:: Dataset extract
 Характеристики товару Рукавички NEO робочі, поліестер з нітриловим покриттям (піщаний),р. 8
::::
:: Dataset extract
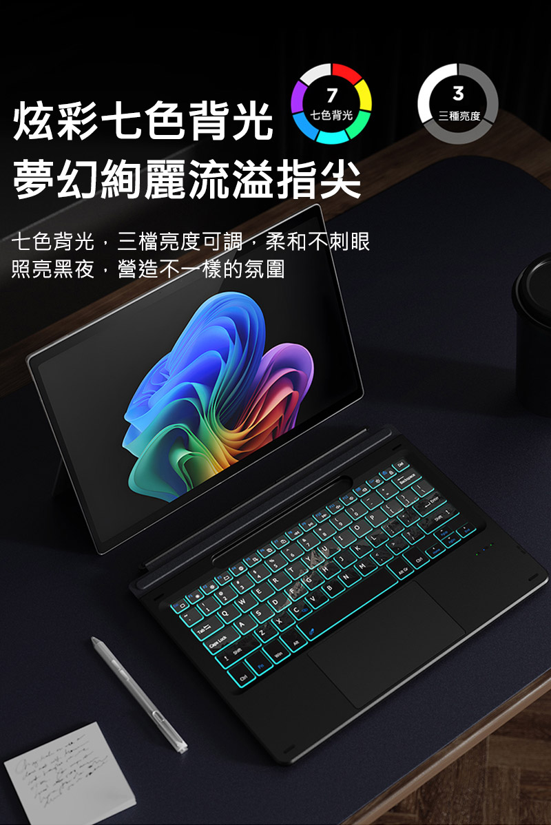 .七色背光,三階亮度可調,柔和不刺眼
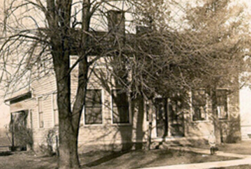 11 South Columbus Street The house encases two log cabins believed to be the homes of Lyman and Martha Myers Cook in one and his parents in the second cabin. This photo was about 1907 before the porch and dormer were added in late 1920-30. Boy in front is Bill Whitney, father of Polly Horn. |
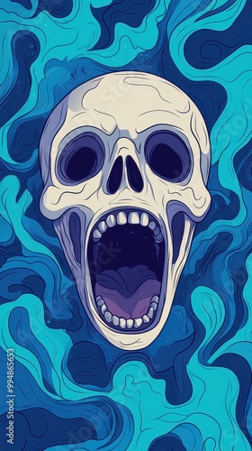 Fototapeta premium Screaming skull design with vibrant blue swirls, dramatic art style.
::::
*Task brief*.
Please set down, exactly and with no pictures, the lines in the entries above starting at the one holding "11 South Columbus" and ending at the one holding "Fototapeta premium Screaming", ends included.

*Worked solution*.
 11 South Columbus Street The house encases two log cabins believed to be the homes of Lyman and Martha Myers Cook in one and his parents in the second cabin. This photo was about 1907 before the porch and dormer were added in late 1920-30. Boy in front is Bill Whitney, father of Polly Horn. |
 Fototapeta premium Screaming skull design with vibrant blue swirls, dramatic art style.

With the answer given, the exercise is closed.